| Work to complete |
Below are entries. Reproduce exactly the lines between the line holding "Set of house" and the line holding "Ballet Pumps Spike", inclusive, and only those.

| Records for the task |
%%

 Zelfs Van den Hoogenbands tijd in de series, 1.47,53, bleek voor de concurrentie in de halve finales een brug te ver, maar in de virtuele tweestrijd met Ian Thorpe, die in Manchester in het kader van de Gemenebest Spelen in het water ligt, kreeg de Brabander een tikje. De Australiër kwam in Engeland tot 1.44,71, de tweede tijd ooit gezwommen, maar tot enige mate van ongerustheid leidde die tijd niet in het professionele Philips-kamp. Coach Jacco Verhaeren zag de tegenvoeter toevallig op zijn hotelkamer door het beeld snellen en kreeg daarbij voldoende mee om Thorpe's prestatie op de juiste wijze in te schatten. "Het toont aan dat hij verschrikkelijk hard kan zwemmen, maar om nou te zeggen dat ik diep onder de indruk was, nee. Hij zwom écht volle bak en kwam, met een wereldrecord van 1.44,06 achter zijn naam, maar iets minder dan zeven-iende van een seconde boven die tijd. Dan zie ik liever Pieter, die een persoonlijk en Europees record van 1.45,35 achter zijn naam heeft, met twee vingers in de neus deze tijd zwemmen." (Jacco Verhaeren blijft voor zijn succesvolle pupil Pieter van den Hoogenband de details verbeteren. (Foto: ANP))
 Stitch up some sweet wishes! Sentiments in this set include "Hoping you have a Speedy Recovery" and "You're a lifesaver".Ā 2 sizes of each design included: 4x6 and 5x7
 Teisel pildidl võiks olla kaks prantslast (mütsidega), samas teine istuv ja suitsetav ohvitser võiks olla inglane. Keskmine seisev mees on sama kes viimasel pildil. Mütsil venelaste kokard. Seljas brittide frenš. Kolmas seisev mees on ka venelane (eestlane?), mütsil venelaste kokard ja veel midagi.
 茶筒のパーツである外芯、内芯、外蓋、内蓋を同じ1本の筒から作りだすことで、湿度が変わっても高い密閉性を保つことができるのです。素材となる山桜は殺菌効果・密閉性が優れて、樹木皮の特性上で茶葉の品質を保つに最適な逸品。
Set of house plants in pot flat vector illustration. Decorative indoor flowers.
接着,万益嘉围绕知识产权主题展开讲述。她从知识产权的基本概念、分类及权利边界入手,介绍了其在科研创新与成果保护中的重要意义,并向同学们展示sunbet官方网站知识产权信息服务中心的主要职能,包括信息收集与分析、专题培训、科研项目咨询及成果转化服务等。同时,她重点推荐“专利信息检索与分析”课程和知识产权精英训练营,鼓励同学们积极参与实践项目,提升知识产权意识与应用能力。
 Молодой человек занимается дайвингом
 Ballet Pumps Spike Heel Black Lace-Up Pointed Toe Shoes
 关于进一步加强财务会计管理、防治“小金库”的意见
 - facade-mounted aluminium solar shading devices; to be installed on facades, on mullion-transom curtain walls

%%

| Solution for this exercise |
Set of house plants in pot flat vector illustration. Decorative indoor flowers.
接着,万益嘉围绕知识产权主题展开讲述。她从知识产权的基本概念、分类及权利边界入手,介绍了其在科研创新与成果保护中的重要意义,并向同学们展示sunbet官方网站知识产权信息服务中心的主要职能,包括信息收集与分析、专题培训、科研项目咨询及成果转化服务等。同时,她重点推荐“专利信息检索与分析”课程和知识产权精英训练营,鼓励同学们积极参与实践项目,提升知识产权意识与应用能力。
 Молодой человек занимается дайвингом
 Ballet Pumps Spike Heel Black Lace-Up Pointed Toe Shoes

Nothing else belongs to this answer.